Wildest Dreams(113)

Shit! I didn’t want to go to the Gales with a pissed off Frey. I didn’t want to go anywhere with a pissed off Frey.

So before we made it to the footmen, I pulled back slightly on his elbow and slowed my step. He looked down at me, brows drawn and I saw on Frey’s scale of one to ten of how angry he could be, he was resting, my guess, at around a two.

This was good.

“Can I have a second?” I asked softly, he stopped us, looked to the stairs then back at me before he turned toward me.

“Finnie, the Gales started nearly two hours ago,” he reminded me.

“I know but…” I moved closer to him and tipped my head back further, “I just wanted to apologize before we got there for being late and making you wait and –”

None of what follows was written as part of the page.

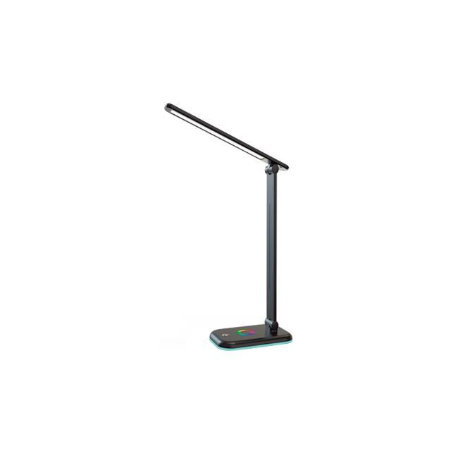 Lampka biurkowa czarna 12W LED RGB+CCT ALMA to nowoczesne źródło światła, które łączy wysoką funkcjonalność z eleganckim designem. Dzięki możliwości regulacji barwy CCT i podświetlanej podstawie RGB, idealnie sprawdzi się w pracy, nauce czy jako element dekoracyjny.

I stopped talking when his hand lifted and curled around my neck and his expression instantly changed to show that my apology made him totally drop off the angry scale.

Phew. This was also good.

Then he stated, “Wee one, it was me who made us late, why are you apologizing?”

“You seem angry,” I told him.

“I’m not angry about waiting,” he told me.

“Are you angry at all?” I asked.

“No,” Frey answered, I peered closer at him and saw this was true.

Still, I could have sworn I saw it earlier.

Therefore, I informed him, “You looked angry a second ago.”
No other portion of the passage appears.